10:34 pm on Oct 26, 2019 (gmt 0)

python requests for me are VERY small ... and mostly from geo IPs I don't support ... So these get robots.txt for free and 403 for anything else. :)

Probably one of the few NOT using php ... so when I get a .php request that also gets a 403 ... has really knocked out a LOT of noise!

Pfui

1:54 am on Oct 27, 2019 (gmt 0)

tangor, I don't use PHP either and I am soooo glad I don't have to worry about seemingly non-stop updates/breaches. (lucy, my robots.txt is actually robots.cgi:)

lucy24

1:58 am on Oct 27, 2019 (gmt 0)

I use a bit of php ... but it is never present in my visible URLs. So if need be, I can block them comprehensively after checking %{THE_REQUEST}.

tangor

3:02 am on Oct 27, 2019 (gmt 0)

Seems like great minds think alike!

Not saying anything ugly about php ... but is a recognition that php is being targeted by bad actors everywhere ... and the noise is just getting louder.

Worse, only "bing" or "google" send this my way (though the ip addresses are NOT b or g!

Duh!

tangor

3:54 am on Oct 27, 2019 (gmt 0)

Check that ... all kinds of ips ... most of which "declare" they are g or b.

Ip addresses are a tiny bit more reliable ... but even those can be spoofed.

dstiles

11:04 am on Oct 27, 2019 (gmt 0)

Pfui - so how do you allow (eg) google etc? What sequence, allowed first then bad ones or the other way up? I have to say I've always considered robots.txt a very poor tool, badly formulated and of no real use beyond a guide to "real" SEs.

Lucy - I've always included some nasty traps just for robots that follow things in robots.txt. Otherwise, in setenv and IIS traps I trap for lower case M mozilla - I've seen a few of those over the years - likewise firefox, chrome etc and for anything that isn't Mozilla/5 or ^Mozilla/5.0$ or \sMozilla (occasionally get one of those in the middle of a UA, even now. I like the lying_bot idea but haven't yet made a php version of robots.txt. Time - ah, well. :(

I have traps within pages (IIS) and setenv (apache) to reject baddies such as python and curl; I was hoping that the ones that read robots.txt might not bother to read the pages in the first place. :(

lucy24

7:43 pm on Oct 28, 2019 (gmt 0)

Currently my only comprehensive Mozilla rule is
^Mozilla/[0-36]
This mainly intercepts robots whose script is so ancient, they're still claiming to be MSIE 3 or the like.

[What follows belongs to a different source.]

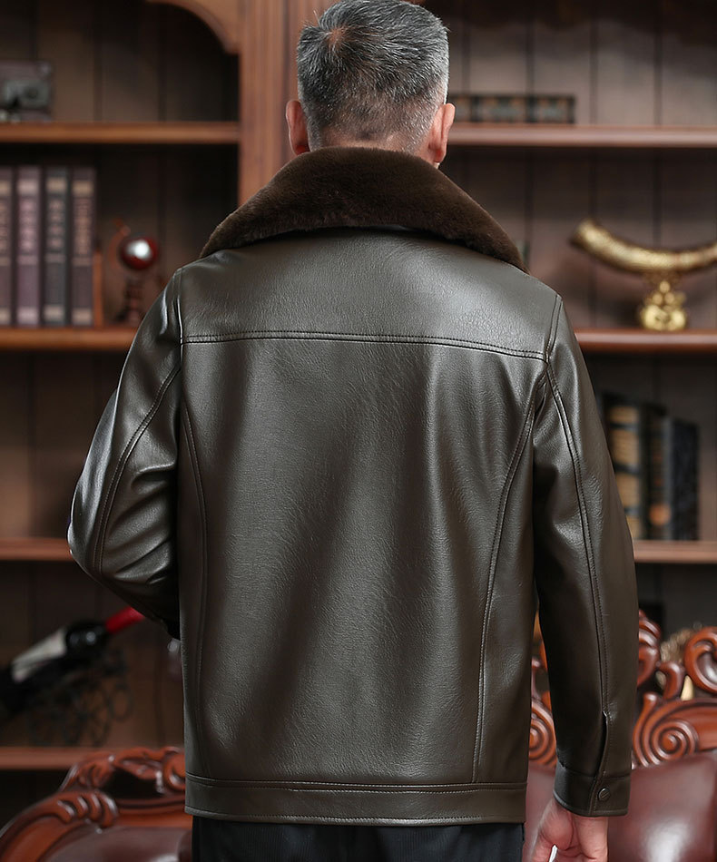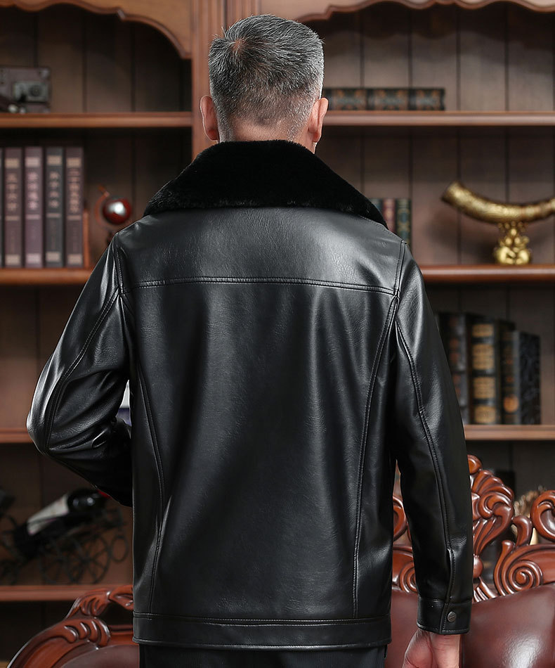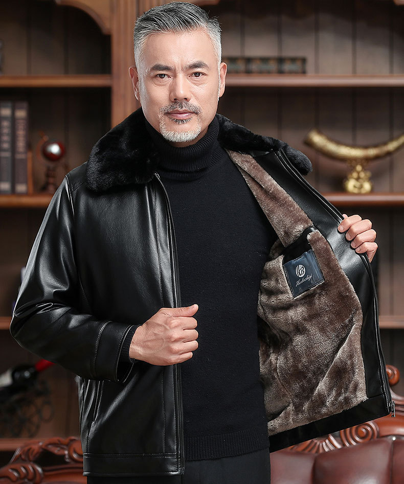 남성 가죽 자켓 가을 겨울 중년 및 노인 모피 칼라 남성 코트 아빠 가죽 자켓 비즈니스 의류 두껍고 따뜻함

:: quick detour to raw logs ::

I particularly like this one:

Mozilla/6.0 (compatible; MSIE 7.0a1; Windows NT 5.2; SV1)

though there's something to be said for

Mozilla/2.0 (compatible; MSIE 3.02; Windows CE; 240x320)

(er ... a 1992-vintage phone?) The CE is reassuring; I might otherwise have suspected BC.

NickMNS

12:20 am on Oct 30, 2019 (gmt 0)

As a Python programmer I feel I should clarify somethings

Probably one of the few NOT using php ... so when I get a .php request that also gets a 403 ...

tangor, I don't use PHP either and I am soooo glad I don't have to worry about seemingly non-stop updates/breaches

The UA that includes either

'Python-requests'

'Python-urlib'

are from users (most likely bots) that are using either the Requests or Urllib packages. The Python code is being executed on the client computer not the server. This is not the same as requests made for .php where the client is trying to get the server to execute php code on the server. Both those python packages are used to make http requests.

tangor

8:39 am on Oct 30, 2019 (gmt 0)

in request I look for .php in ua I look for python

and 403 all

The first is upwards of 50%+ of log entries and the latter is less than 1% :)

Pfui

4:46 pm on Oct 30, 2019 (gmt 0)

Speaking of python, these just in. Usually just a single hit from anywhere...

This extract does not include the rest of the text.